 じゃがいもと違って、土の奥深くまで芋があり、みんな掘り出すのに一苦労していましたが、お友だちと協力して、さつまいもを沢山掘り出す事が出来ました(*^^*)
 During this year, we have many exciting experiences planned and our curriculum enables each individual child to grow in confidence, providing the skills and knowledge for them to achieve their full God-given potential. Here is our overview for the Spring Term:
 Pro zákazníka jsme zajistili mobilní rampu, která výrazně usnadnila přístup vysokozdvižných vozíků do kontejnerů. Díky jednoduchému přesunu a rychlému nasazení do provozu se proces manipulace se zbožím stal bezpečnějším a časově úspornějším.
────────
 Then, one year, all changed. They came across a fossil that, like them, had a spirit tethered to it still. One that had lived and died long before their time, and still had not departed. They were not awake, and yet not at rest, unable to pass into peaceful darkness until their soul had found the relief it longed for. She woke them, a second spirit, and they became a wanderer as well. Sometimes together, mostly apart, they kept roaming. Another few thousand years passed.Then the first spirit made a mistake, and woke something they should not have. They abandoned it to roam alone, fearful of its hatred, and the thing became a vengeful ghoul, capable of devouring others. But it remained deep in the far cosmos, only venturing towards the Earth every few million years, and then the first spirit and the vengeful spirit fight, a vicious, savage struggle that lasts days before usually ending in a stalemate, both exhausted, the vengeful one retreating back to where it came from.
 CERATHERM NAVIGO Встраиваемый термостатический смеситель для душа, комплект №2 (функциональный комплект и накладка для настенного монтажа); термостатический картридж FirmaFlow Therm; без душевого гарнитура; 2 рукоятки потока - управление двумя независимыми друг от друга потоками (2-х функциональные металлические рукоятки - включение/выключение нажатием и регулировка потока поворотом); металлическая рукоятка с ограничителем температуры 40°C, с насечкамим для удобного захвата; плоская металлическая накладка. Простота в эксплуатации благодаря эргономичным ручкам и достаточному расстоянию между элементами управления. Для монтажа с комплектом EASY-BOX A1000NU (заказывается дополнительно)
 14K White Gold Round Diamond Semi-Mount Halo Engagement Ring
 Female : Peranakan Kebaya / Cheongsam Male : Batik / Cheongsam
────────
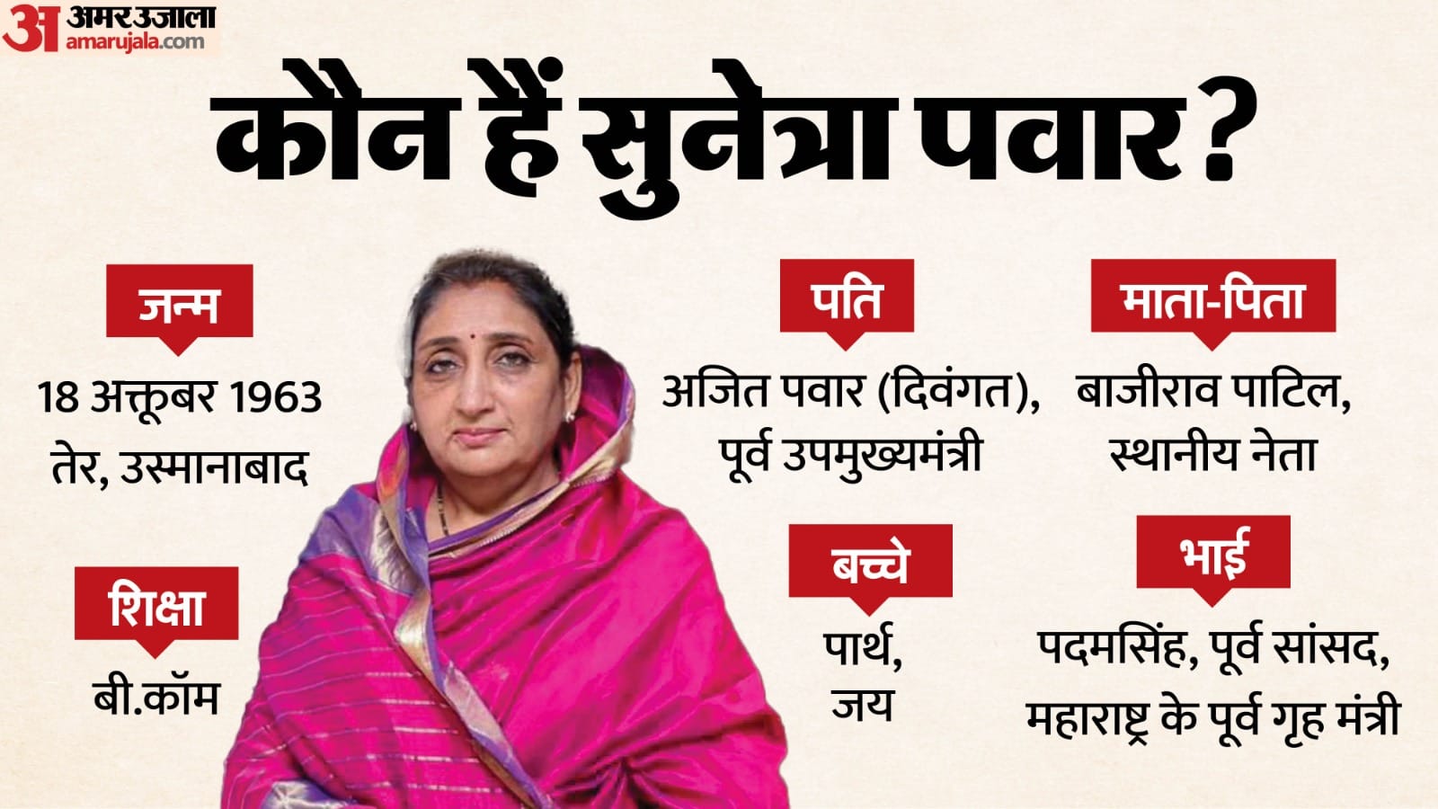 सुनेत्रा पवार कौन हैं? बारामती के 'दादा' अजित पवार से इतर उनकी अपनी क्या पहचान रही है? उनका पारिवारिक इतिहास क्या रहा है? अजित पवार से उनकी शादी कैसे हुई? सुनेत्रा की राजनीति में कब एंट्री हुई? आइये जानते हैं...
────────
● **WHAT THE TASK REQUIRES**
Going through the listing above, tally the lines that contain the word "their" and state the total alone.

● **TASK ANSWER**
2